What is expected
Output all entries precisely and leave out the pictures.
────────
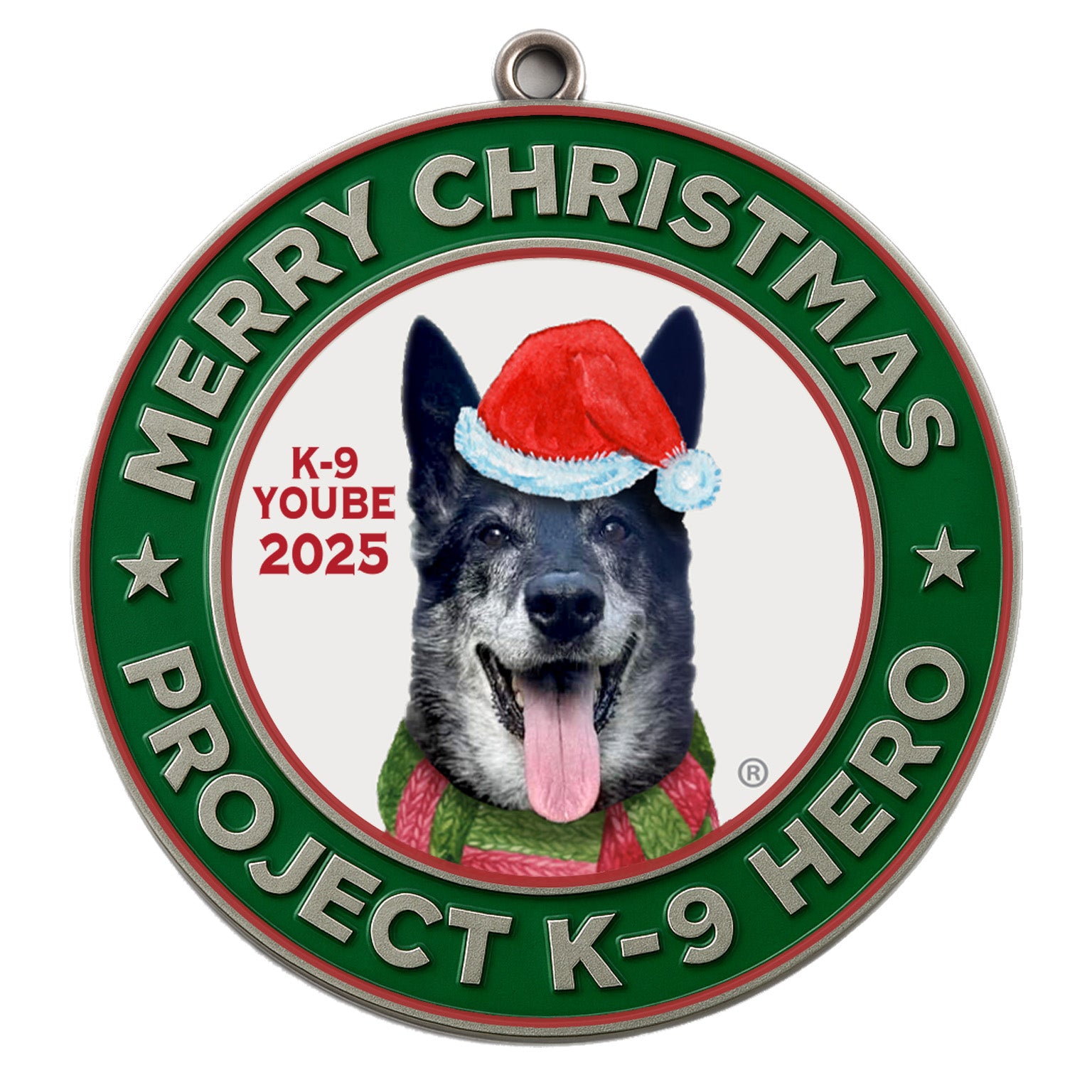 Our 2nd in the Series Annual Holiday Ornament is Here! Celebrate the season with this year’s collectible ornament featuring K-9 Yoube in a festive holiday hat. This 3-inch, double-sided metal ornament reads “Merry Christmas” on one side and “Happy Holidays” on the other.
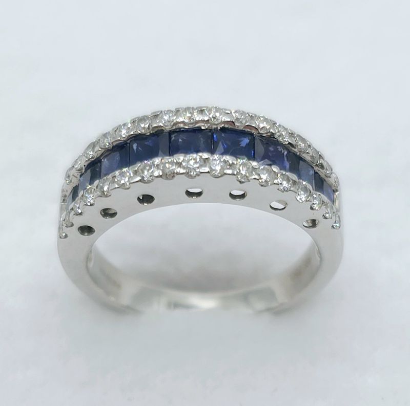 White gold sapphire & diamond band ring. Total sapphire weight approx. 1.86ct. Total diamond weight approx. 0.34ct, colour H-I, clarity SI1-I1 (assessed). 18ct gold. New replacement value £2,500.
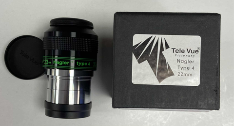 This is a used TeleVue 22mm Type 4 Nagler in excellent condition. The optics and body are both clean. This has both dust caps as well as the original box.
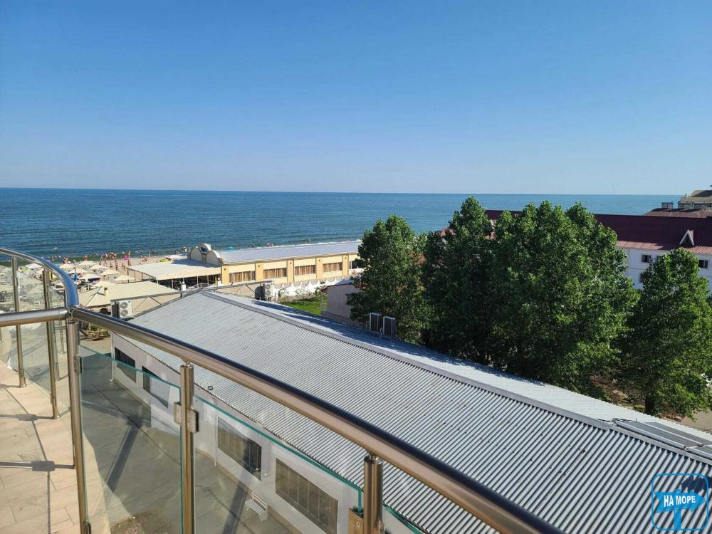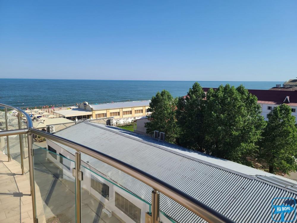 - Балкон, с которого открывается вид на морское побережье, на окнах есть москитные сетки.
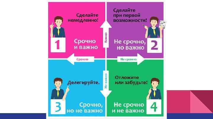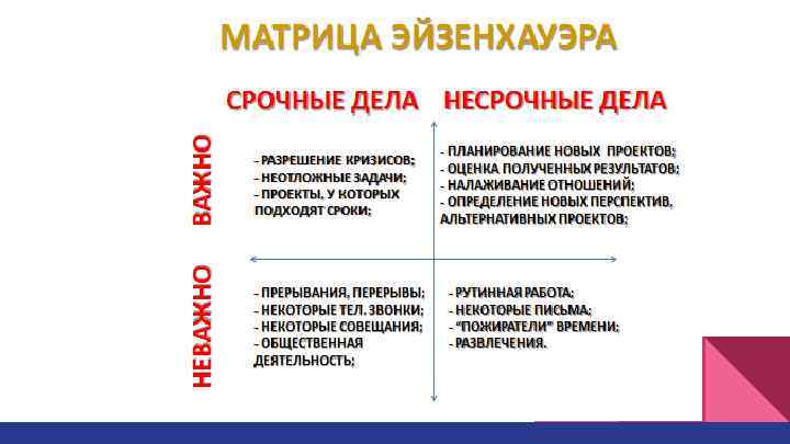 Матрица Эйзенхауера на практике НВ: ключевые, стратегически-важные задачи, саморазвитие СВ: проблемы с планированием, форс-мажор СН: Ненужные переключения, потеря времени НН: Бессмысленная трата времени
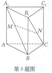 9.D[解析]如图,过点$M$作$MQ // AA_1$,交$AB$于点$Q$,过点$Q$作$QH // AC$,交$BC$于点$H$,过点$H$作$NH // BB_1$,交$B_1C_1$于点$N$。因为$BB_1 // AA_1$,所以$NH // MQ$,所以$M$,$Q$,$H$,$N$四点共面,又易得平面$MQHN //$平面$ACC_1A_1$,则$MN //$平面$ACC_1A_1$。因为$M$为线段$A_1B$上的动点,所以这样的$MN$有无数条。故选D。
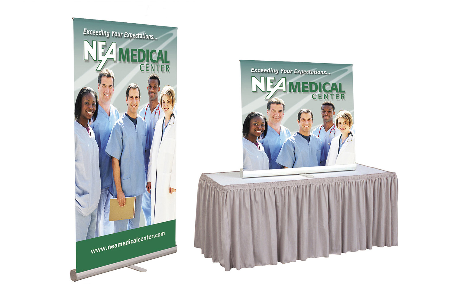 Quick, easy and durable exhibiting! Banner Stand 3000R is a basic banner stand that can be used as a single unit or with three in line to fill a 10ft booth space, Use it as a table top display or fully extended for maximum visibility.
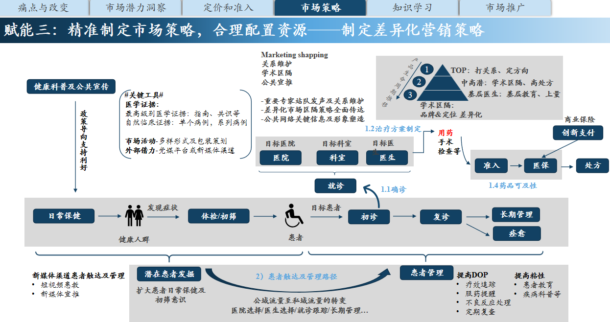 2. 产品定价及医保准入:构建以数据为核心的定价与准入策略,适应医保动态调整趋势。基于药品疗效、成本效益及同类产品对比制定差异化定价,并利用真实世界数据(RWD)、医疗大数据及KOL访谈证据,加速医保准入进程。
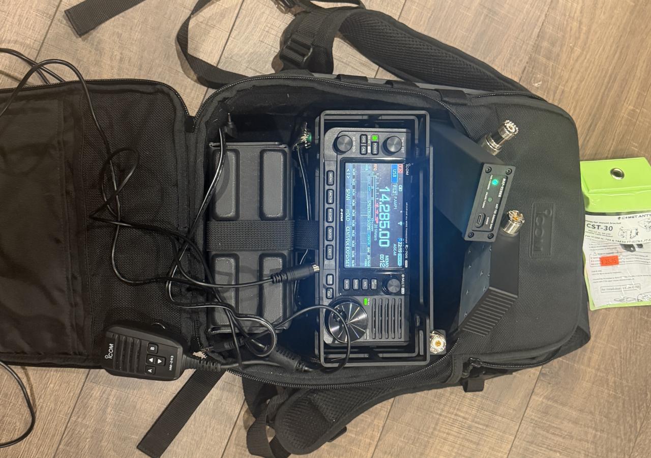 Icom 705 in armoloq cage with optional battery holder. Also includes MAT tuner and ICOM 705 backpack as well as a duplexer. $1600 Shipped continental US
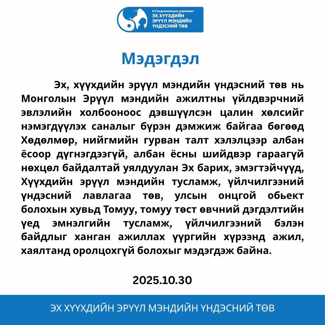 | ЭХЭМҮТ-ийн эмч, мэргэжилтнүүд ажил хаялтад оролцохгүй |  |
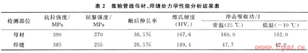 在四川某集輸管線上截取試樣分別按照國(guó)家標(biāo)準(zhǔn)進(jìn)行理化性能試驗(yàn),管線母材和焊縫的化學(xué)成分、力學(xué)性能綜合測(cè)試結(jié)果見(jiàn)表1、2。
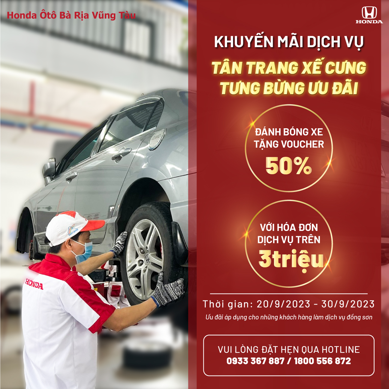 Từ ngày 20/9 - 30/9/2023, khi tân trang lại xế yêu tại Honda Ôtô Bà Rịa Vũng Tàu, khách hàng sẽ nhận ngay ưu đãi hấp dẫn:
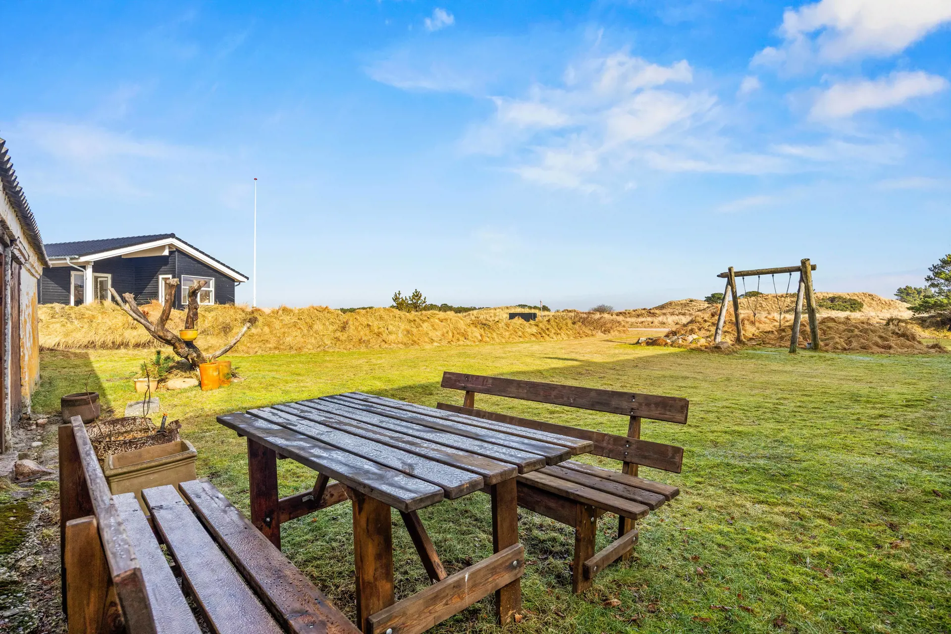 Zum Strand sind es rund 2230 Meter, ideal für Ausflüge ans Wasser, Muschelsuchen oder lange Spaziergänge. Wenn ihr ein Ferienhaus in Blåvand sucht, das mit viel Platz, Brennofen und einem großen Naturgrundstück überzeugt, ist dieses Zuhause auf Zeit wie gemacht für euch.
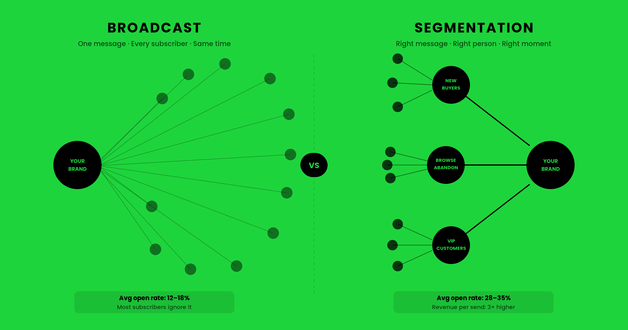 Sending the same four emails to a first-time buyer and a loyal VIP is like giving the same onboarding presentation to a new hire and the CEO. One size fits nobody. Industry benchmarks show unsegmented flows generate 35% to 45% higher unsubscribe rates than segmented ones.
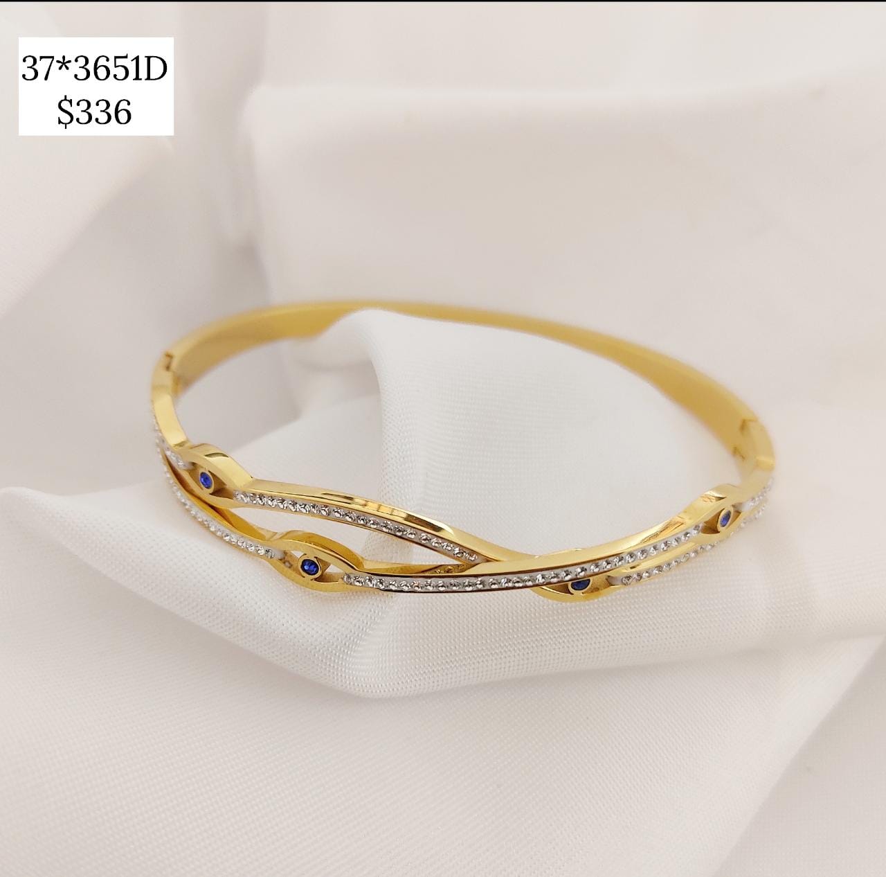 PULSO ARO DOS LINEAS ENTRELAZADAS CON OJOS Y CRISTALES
────────
Problem solution
 Our 2nd in the Series Annual Holiday Ornament is Here! Celebrate the season with this year’s collectible ornament featuring K-9 Yoube in a festive holiday hat. This 3-inch, double-sided metal ornament reads “Merry Christmas” on one side and “Happy Holidays” on the other.
 White gold sapphire & diamond band ring. Total sapphire weight approx. 1.86ct. Total diamond weight approx. 0.34ct, colour H-I, clarity SI1-I1 (assessed). 18ct gold. New replacement value £2,500.
 This is a used TeleVue 22mm Type 4 Nagler in excellent condition. The optics and body are both clean. This has both dust caps as well as the original box.
 - Балкон, с которого открывается вид на морское побережье, на окнах есть москитные сетки.
 Матрица Эйзенхауера на практике НВ: ключевые, стратегически-важные задачи, саморазвитие СВ: проблемы с планированием, форс-мажор СН: Ненужные переключения, потеря времени НН: Бессмысленная трата времени
 9.D[解析]如图,过点$M$作$MQ // AA_1$,交$AB$于点$Q$,过点$Q$作$QH // AC$,交$BC$于点$H$,过点$H$作$NH // BB_1$,交$B_1C_1$于点$N$。因为$BB_1 // AA_1$,所以$NH // MQ$,所以$M$,$Q$,$H$,$N$四点共面,又易得平面$MQHN //$平面$ACC_1A_1$,则$MN //$平面$ACC_1A_1$。因为$M$为线段$A_1B$上的动点,所以这样的$MN$有无数条。故选D。
 Quick, easy and durable exhibiting! Banner Stand 3000R is a basic banner stand that can be used as a single unit or with three in line to fill a 10ft booth space, Use it as a table top display or fully extended for maximum visibility.
 2. 产品定价及医保准入:构建以数据为核心的定价与准入策略,适应医保动态调整趋势。基于药品疗效、成本效益及同类产品对比制定差异化定价,并利用真实世界数据(RWD)、医疗大数据及KOL访谈证据,加速医保准入进程。
 Icom 705 in armoloq cage with optional battery holder. Also includes MAT tuner and ICOM 705 backpack as well as a duplexer. $1600 Shipped continental US
 | ЭХЭМҮТ-ийн эмч, мэргэжилтнүүд ажил хаялтад оролцохгүй |  |
 在四川某集輸管線上截取試樣分別按照國(guó)家標(biāo)準(zhǔn)進(jìn)行理化性能試驗(yàn),管線母材和焊縫的化學(xué)成分、力學(xué)性能綜合測(cè)試結(jié)果見(jiàn)表1、2。
 Từ ngày 20/9 - 30/9/2023, khi tân trang lại xế yêu tại Honda Ôtô Bà Rịa Vũng Tàu, khách hàng sẽ nhận ngay ưu đãi hấp dẫn:
 Zum Strand sind es rund 2230 Meter, ideal für Ausflüge ans Wasser, Muschelsuchen oder lange Spaziergänge. Wenn ihr ein Ferienhaus in Blåvand sucht, das mit viel Platz, Brennofen und einem großen Naturgrundstück überzeugt, ist dieses Zuhause auf Zeit wie gemacht für euch.
 Sending the same four emails to a first-time buyer and a loyal VIP is like giving the same onboarding presentation to a new hire and the CEO. One size fits nobody. Industry benchmarks show unsegmented flows generate 35% to 45% higher unsubscribe rates than segmented ones.
 PULSO ARO DOS LINEAS ENTRELAZADAS CON OJOS Y CRISTALES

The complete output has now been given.